Fadli pun mencontohkan perdagangan ayam ras yang bermasalah. Sejak 2018, harga daging ayam terus merosot sehingga kadang merugikan peternak yang mengeluarkan biaya produksi lebih dari harga jual ayam.
”Meski saat ini jumlah produksi daging ayam masih mencukupi, apalagi di tengah turunnya permintaan, tetapi jika kondisi ini dibiarkan tanpa intervensi, ke depan kita bisa menghadapi dua krisis sekaligus, yaitu krisis daging ayam dan krisis telur,” ujarnya.
Baca juga: UMKM yang Pantang Menyerah
Saling bantu
Sejauh ini, pemerintah mendorong 22 perusahaan besar untuk membantu peternak mandiri dengan membeli ayam ras dengan harga lebih baik, yakni Rp 15.000 per kg. Sampai 21 April 2020, sebanyak 221.875 ekor ayam dari lima provinsi sudah dibeli oleh 10 perusahaan.
Tidak berhenti di situ, Direktur Jenderal Peternakan dan Kesehatan Hewan Kementerian Pertanian I Ketut Diarmita, dalam keterangan pers hari ini, mengatakan, pemerintah juga mendorong penyerapan ayam ras peternak mandiri oleh badan usaha milik negara (BUMN).
”Sampai hari ini, sepuluh perusahaan telah melakukan pembelian ayam ras. Hasilnya mencapai 5,39 persen dari target 4.119.000 ekor,” ujarnya di Jakarta.
Intervensi pemerintah untuk mendorong penyerapan ayam ras oleh perusahaan besar, yang menernakkan ayam sekaligus memproduksi makanan olahan (integrator), diapresiasi peternak mandiri. Namun, peternak seperti Agus, yang mendapat penawaran tersebut, memilih memberikan kesempatan itu kepada peternak lain yang lebih membutuhkan.

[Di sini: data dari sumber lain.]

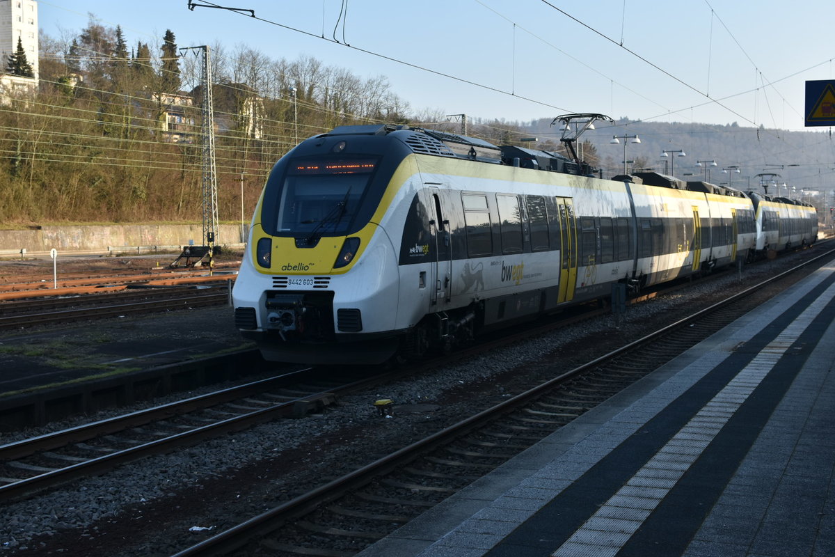 Ausfahrt eines RE 10a aus Neckarelz der vom Abellio 8442 603 geführt wird, als Doppeleinheit mit dem 8442 105 geht es nach Mannheim Hbf am 21.1.2020 Andreas Strobel
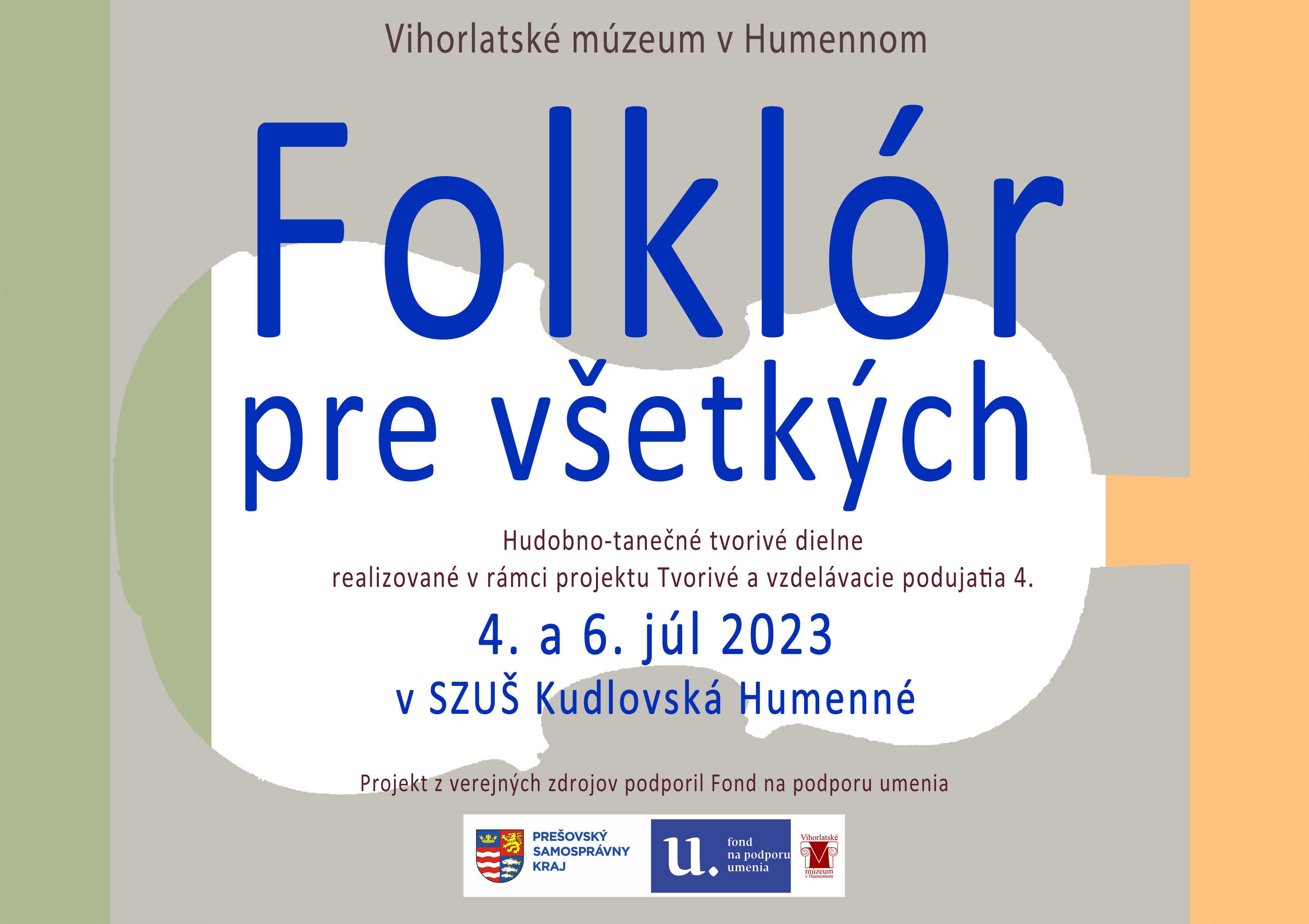 Dvojdňové folklórne hudobno-tanečné tvorivé dielne zamerané na deti a mládež škôl humenského regiónu.

”Kami dengan sekuat tenaga masih mampu berjuang sendiri. Biar teman-teman lain yang lebih membutuhkan yang mendapat kesempatan itu,” ujarnya.
Bagi Agus dan Guntaryadi, mereka harus saling membantu agar roda usaha tetap berputar untuk menggerakkan rantai pasok ayam. Sementara itu, mereka terus berharap agar pandemi bermata elang ini tidak jadi menyambar ayam mereka yang ditambat.